## TASK PROMPT:
From the line containing "1pc vermelho/azul/amarelo anel" through the last line of the data, both ends included, write out every line exactly; omit the pictures.

*** PROVIDED DATA ***

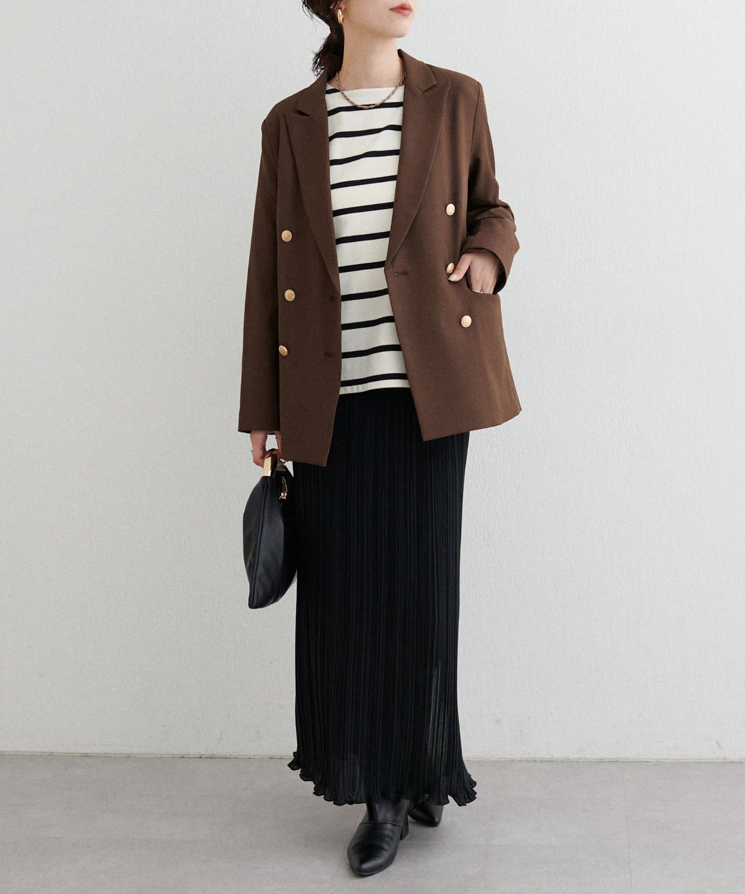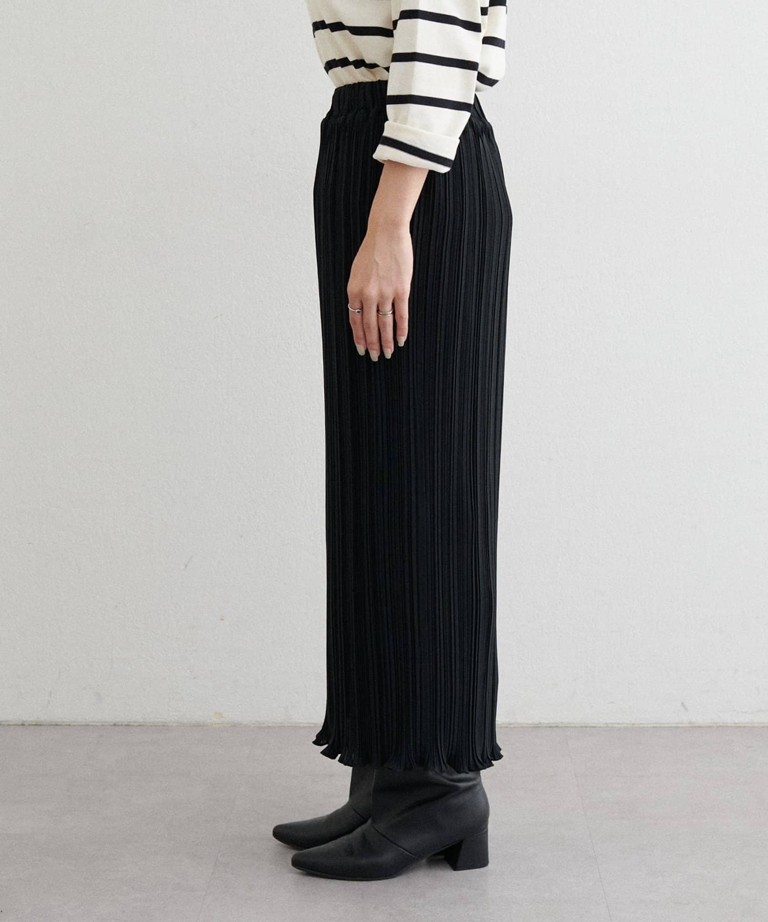 縦のラインを強調するプリーツがスタイルアップを叶え、
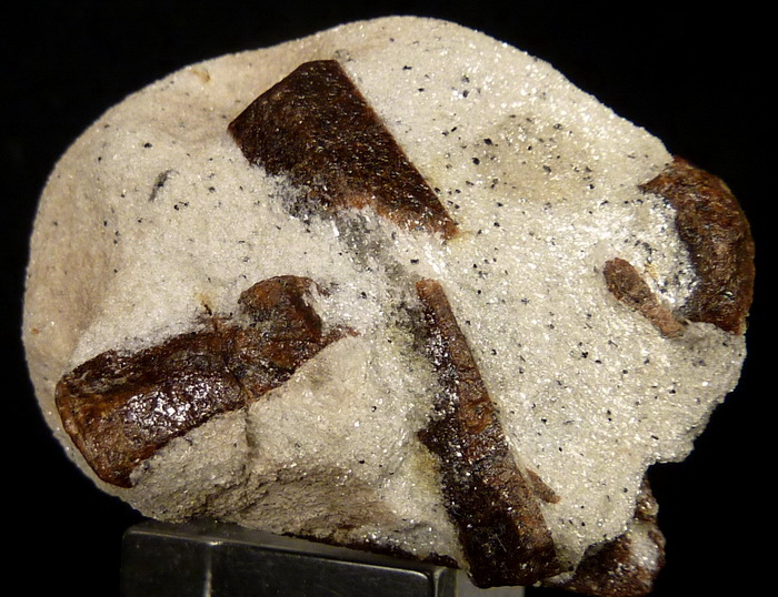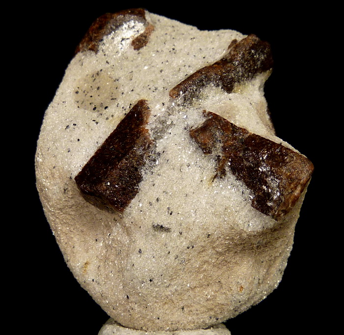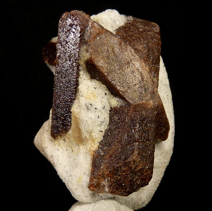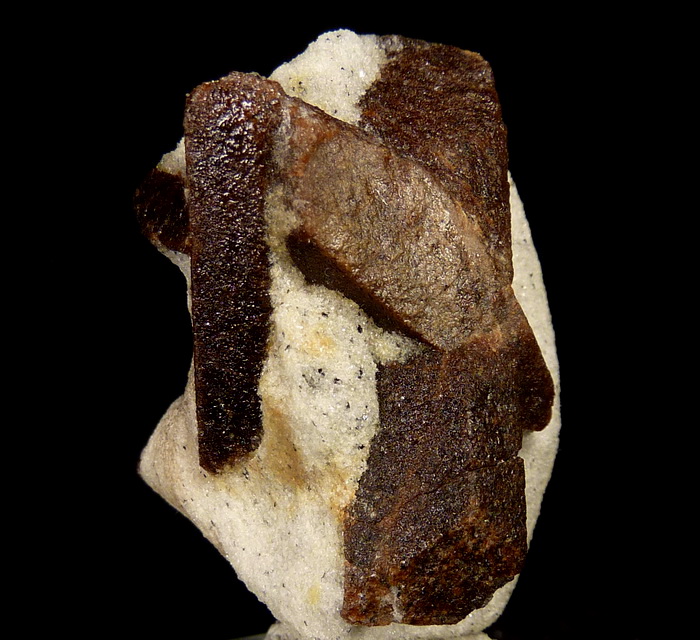 Efektowny, dwustronny okaz pięknie wykształconych kryształów staurolitu na kontrastowym białym matrixie.
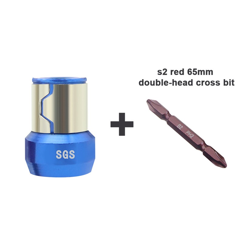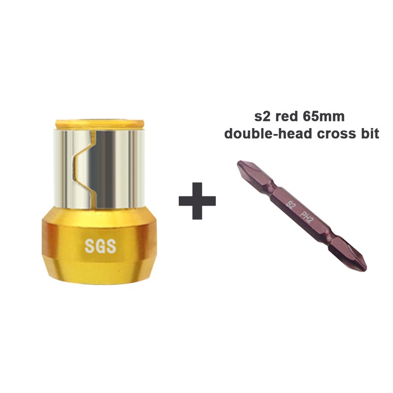 1pc vermelho/azul/amarelo anel magnético chave de fenda cabeça + 1pc s2 vermelho 65mm duplo-cabeça cruz bit.
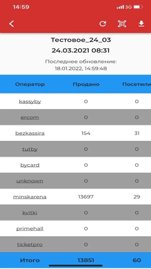 Приложение позволяет получать информацию о концертах и спортивных мероприятиях, в том числе подробную информацию о билетах, проданных каждым билетным оператором, а также получать подробную информацию по конкретному билету.

*** End of PROVIDED DATA ***

## OUTPUT OF THE TASK:
 1pc vermelho/azul/amarelo anel magnético chave de fenda cabeça + 1pc s2 vermelho 65mm duplo-cabeça cruz bit.
 Приложение позволяет получать информацию о концертах и спортивных мероприятиях, в том числе подробную информацию о билетах, проданных каждым билетным оператором, а также получать подробную информацию по конкретному билету.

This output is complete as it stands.